Jacques Cartier mentioned L’Anse au Loup in his journal of 1534. By the time of his arrival, French, Basque and other European fishing fleets were using the harbour and nearby Schooner Cove. In the early 1700s, as New France grew, it extended its proprietorship of the Quebec-Labrador coast by giving seigneruial concessions to individual entrepreneurs. L’Anse au Loup was within the concession of Augustin Le Gardeur de Courtemanche. From his headquarters farther west in Bradore, he oversaw a number of fishing and fur trading stations. The influence of the concessionaires was destined to come to an end when in 1763 France lost the Seven Years War and all claims to Labrador. Not long after, fishing and trading merchants from Britain and the Channel Islands took control of the area. The English firm Noble & Pinson built a large station in L’ Anse au Loup that lasted into the 20th century.
In the early 1800s fishermen, artisans and shore workers from England and the Channel island of Jersey arrived in L’Anse au Loup to work for the British fishing firms. As part of their contracts, a number of the workers overwintered in Labrador and a few eventually became settlers. They were joined by Newfoundlanders who migrated to the area looking for better fishing grounds and access to the seal fishery. The height of immigration to L'Anse au Loup came in the second half of the 19th century.
Today, L’Anse au Loup is the largest town in the Labrador Straits with a working fish plant and a population of over 500 people.
L'Anse au Loup Photos : ( Click each for full size )
L'Anse au Loup : Schooner Cove
The Strait of Belle Isle region was home to indigenous people long before the arrival of Europeans. The movement of sea mammals through the Labrador Straits, as well as the excellent fishing grounds nearby, have attracted human habitation for millennia. At Schooner Cove, part of L’Anse au Loup, archeologists have discovered several Maritime Archaic and Paleo-Eskimo sites, possibly 8000 years old.

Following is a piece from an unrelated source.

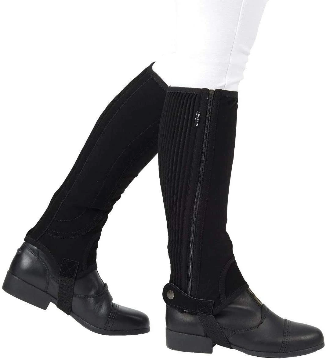 An improved design lets this Dublinยฎ Childrenโs Easy-Care II Half Chap perform even better than the original. This kidsโ half chap is made of washable, durable synthetic suede with a durable YKKยฎ zipper that closes from the top down. Elasticized calf for a great fit, heavy-duty elastic foot strap and branded press stud on the zipper keeper. A comfortable, attractively-priced half chap. Available in brown.

Basque whalers, whose story has been expertly interpreted at the Parks Canada museum in Red Bay, lived and worked in Schooner Cove in the 17th century until over-harvesting the bowhead and right whales destroyed the industry. After the Basque whalers left, Basques fishermen continued to fish seasonally out of Schooner Cove for more than a century. they were joined by French migratory cod fishermen and fishermen hired by the Quebec concessions. When France lost its rights to the region in 1763, the English firm of Noble & Pinson took over, followed by Stabb, Row & Holmwood. In those days, the cove was crowed with fishermen and shoreworkers, the harbour choked with vessels. The last fish merchants in , Job Brothers from St. John’s, came to the area in the mid-1800s and had a fishing, sealing and whaling business at Schooner Cove. They, too, employed a lot of people, some of whom came seasonally from southern Newfoundland. In 1920 Job Brothers closed it operation and Schooner Cove’s commercial activity came to an end. Today there is little physical evidence of its long history as a whaling and fishing centre.